Our PK-guided dosing approach was further assessed in a post-hoc comparison with results determined from a fixed dosing approach, which was based on published precedents and current clinical practice for dosing topotecan. The patients selected for this simulation analysis were those with an AUC target range of 120 to 160 ng/ml*hr. Using the equation $AUC= \frac{Dose}{Clearance}$ , the known patient topotecan systemic clearances (calculated for each patient during their respective clinical study) and patient body surface area (BSAs), the cumulative dosages were simulated for the daily × 5 (i.e., 30-minute infusion daily for 5 days) PK-guided approach with an AUC target of 140 ng/ml*hr and compared this with a fixed topotecan dosage of 2.0 mg/m² daily × 5 (i.e., maximally tolerated dosage or MTD).⁴ The cumulative AUC values were also simulated for each group using the equation mentioned above for both the PK-guided and the fixed dosage approaches.

Results:

Patients

Nine institutional clinical trials were reviewed for this retrospective analysis, which included 232 patients and 967 total studies (231 empiric studies and 736 PK-guided studies). One patient from trial no. 1 (see Supplemental Table 1) did not have an empiric dosing result recorded, and thus was excluded from any analysis involving empiric dosing. Table 1 summarizes the patient characteristics, including age, gender, race, and disease tumor type on the first day of the first course of therapy.

Empiric Dosing

Of the 967 total studies, 231 were empiric studies, or ones conducted on the first dose of the first course of topotecan therapy. Eighty-two studies were within the desired topotecan target range, for an empiric success rate of 36% (82/231). Patients enrolled in clinical trials with AUC target ranges of 70–90 and 80–120 ng/ml*hr had an overall higher percentage of empiric successes compared to those with an AUC target range of 120–160 ng/ml*hr, as shown in Figure 1. Among the out-of-target studies in the 120–160 ng/ml*hr range, 54% (46 of 85 studies) were below target. Of note, clinical trials with the AUC range 120–160 ng/ml*hr had 110 patients, those ranging from 70–90 ng/ml*hr included 43 patients, and those with an 80–120 ng/ml*hr range included 40 patients.

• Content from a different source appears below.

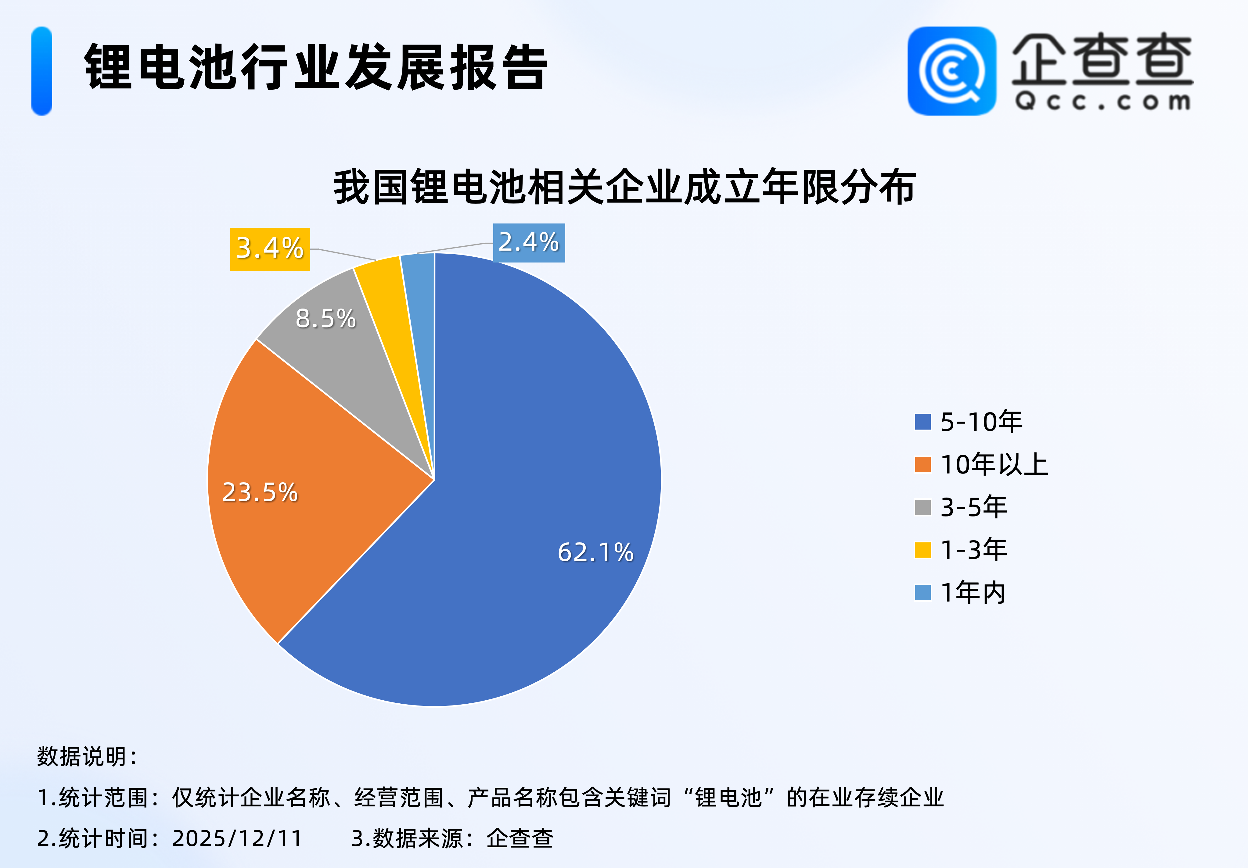 企查查數據顯示,成立年限方面,我國鋰電池領域以老牌企業為主,超八成企業成立5年以上,其中成立10年以上的相關企業占比23.5%。

Figure 1: — Empiric success rates (both total numbers and percentages) of 3 different AUC ranges encompassing all protocols. (p<0.0001 for AUC range 120 to 160 vs 80 to 120; p=0.03 for AUC range 120 to 160 vs 70 to 90)

The proportion of empiric successes to failures did not significantly differ based on factors that varied among clinical trials, such as infusion length and number of blood samples collected (p= 0.10 and 0.11, respectively), nor did they differ by age for the AUC target of 120–160 ng/ml*hr (p=0.78). When patient covariates were analyzed to assess whether an empiric study was within, above, or below the predefined AUC target (i.e., 120–160 ng/ml*hr), serum creatinine differed significantly among these categories: patients who achieved an empiric success had, on average, a lower value compared to patients who were above target (p=0.01), as shown in Figure 2.

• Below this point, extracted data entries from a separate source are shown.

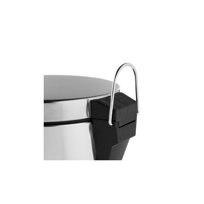 Cubo de basura de 12 litros con cuerpo de hierro en color plata, cuenta con un cubo interior extraíble realizado en polipropileno negro con asa para facilitar el vaciado. Esta papelera para cocina tiene un pedal en la parte inferior para una apertura cómoda y rápida sin necesidad de tocar la tapa.
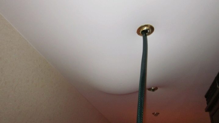 في حالة عدم وجود المصابيح والثريات ، يمكنك فصل حافة القماش ، ولكن في هذه الحالة سوف يعاني الجدار. بسبب الماء ، سوف تتبلل مواد تشطيب الأسطح ، على سبيل المثال ، ورق الحائط. لن يكون من الممكن إعادة اللوحة القماشية والمصابيح إلى مكانها إلا بعد أن تجف اللوحة تمامًا..
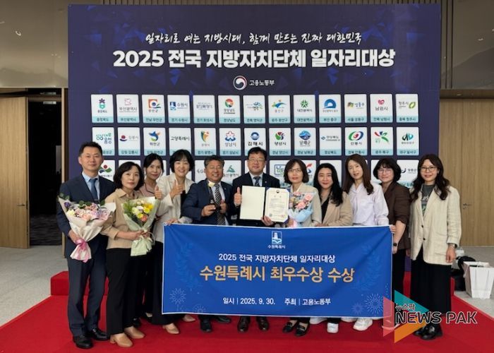 뉴스팍 배상미 기자 | 수원특례시가 고용노동부 주관 ‘2025년 전국지방자치단체 일자리 대상’ 지역일자리 목표 공시제 부문에서 최우수상(고용노동부장관상)을 받았다.
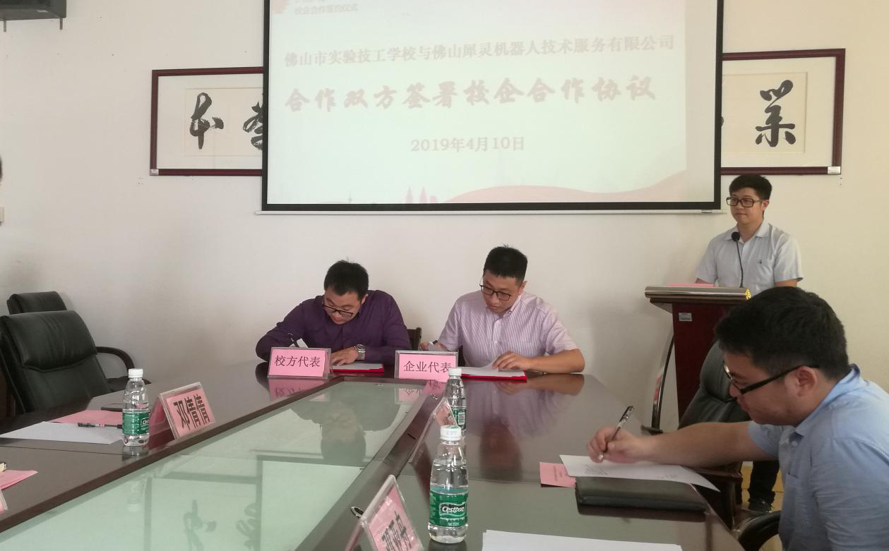 2019年4月10日上午,在佛山市實驗技工學(xué)校會議室舉行佛山犀靈機(jī)器人技術(shù)服務(wù)有限公司與佛山市實驗技工學(xué)校校企合作簽約儀式。

Figure 2: — Box-and-whiskers plot of the type of target achieved (in, above, and below target) for the 120–160 ng/ml*hr AUC range for the empiric dose based on serum creatinine. The line in the middle of each box represents the median, the “+” is the mean, the boxes represent the 25^th and 75^th percentiles, and the upper and lower bars represent the minimum and maximum serum creatinine values, respectively. P-value = 0.02 (ANOVA).

PK-guided dosing

After the empiric topotecan dose was administered, pharmacokinetic studies were performed to determine if the patient was within the AUC target range. If the patient was outside of the target range, further pharmacokinetic studies were performed. Of the 967 total studies evaluated, 736 PK-guided studies in 225 patients were included in this analysis. The overall success rate of the PK-guided dosing strategy was 64% (474/736). The number of PK-guided successes and failures did not differ based on AUC target range, length of infusion, or number of blood samples collected (p= 0.08, 0.84, and 0.61, respectively). As shown in Figure 3, the PK-guided success rates over time have consistently remained higher than that of empiric success rates.

Figure 3: — Yearly empiric and PK-guided successes from 1996–2016 from all protocols.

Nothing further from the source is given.